**Instructions to follow:**
Leaving out the pictures, return word for word the stretch of entries below from the line holding "Black 5 piece" through the line holding "NERVATA SIDEBOARD BLACK".

Segment Start: Records for this task

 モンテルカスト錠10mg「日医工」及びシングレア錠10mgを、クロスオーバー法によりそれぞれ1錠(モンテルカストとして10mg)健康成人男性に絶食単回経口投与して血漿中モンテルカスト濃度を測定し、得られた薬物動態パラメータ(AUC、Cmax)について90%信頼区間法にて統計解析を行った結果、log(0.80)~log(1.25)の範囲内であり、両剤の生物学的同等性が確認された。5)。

Segment End: Records for this task
Segment Start: Records for this task

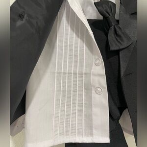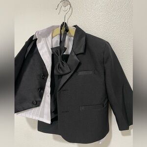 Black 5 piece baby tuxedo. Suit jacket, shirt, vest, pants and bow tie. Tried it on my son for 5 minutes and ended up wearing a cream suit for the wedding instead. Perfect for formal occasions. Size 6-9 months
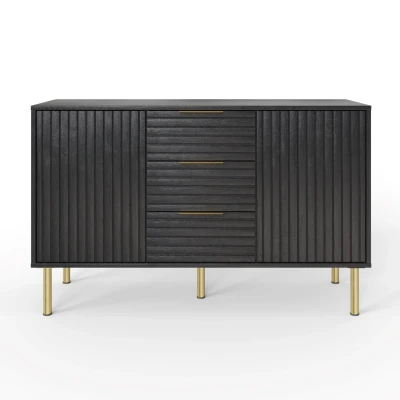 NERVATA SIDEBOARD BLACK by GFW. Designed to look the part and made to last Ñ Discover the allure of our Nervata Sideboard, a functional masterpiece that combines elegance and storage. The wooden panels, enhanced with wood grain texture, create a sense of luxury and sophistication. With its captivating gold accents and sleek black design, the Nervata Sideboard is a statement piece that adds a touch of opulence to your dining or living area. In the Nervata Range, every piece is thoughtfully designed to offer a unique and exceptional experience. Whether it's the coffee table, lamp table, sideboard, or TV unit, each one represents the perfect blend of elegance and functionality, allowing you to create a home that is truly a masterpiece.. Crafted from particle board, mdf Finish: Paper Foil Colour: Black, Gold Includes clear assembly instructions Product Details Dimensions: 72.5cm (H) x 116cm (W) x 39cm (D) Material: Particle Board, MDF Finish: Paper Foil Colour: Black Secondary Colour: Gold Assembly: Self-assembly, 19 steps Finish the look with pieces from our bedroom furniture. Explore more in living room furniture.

Segment End: Records for this task

**Answer space:**
 Black 5 piece baby tuxedo. Suit jacket, shirt, vest, pants and bow tie. Tried it on my son for 5 minutes and ended up wearing a cream suit for the wedding instead. Perfect for formal occasions. Size 6-9 months
 NERVATA SIDEBOARD BLACK by GFW. Designed to look the part and made to last Ñ Discover the allure of our Nervata Sideboard, a functional masterpiece that combines elegance and storage. The wooden panels, enhanced with wood grain texture, create a sense of luxury and sophistication. With its captivating gold accents and sleek black design, the Nervata Sideboard is a statement piece that adds a touch of opulence to your dining or living area. In the Nervata Range, every piece is thoughtfully designed to offer a unique and exceptional experience. Whether it's the coffee table, lamp table, sideboard, or TV unit, each one represents the perfect blend of elegance and functionality, allowing you to create a home that is truly a masterpiece.. Crafted from particle board, mdf Finish: Paper Foil Colour: Black, Gold Includes clear assembly instructions Product Details Dimensions: 72.5cm (H) x 116cm (W) x 39cm (D) Material: Particle Board, MDF Finish: Paper Foil Colour: Black Secondary Colour: Gold Assembly: Self-assembly, 19 steps Finish the look with pieces from our bedroom furniture. Explore more in living room furniture.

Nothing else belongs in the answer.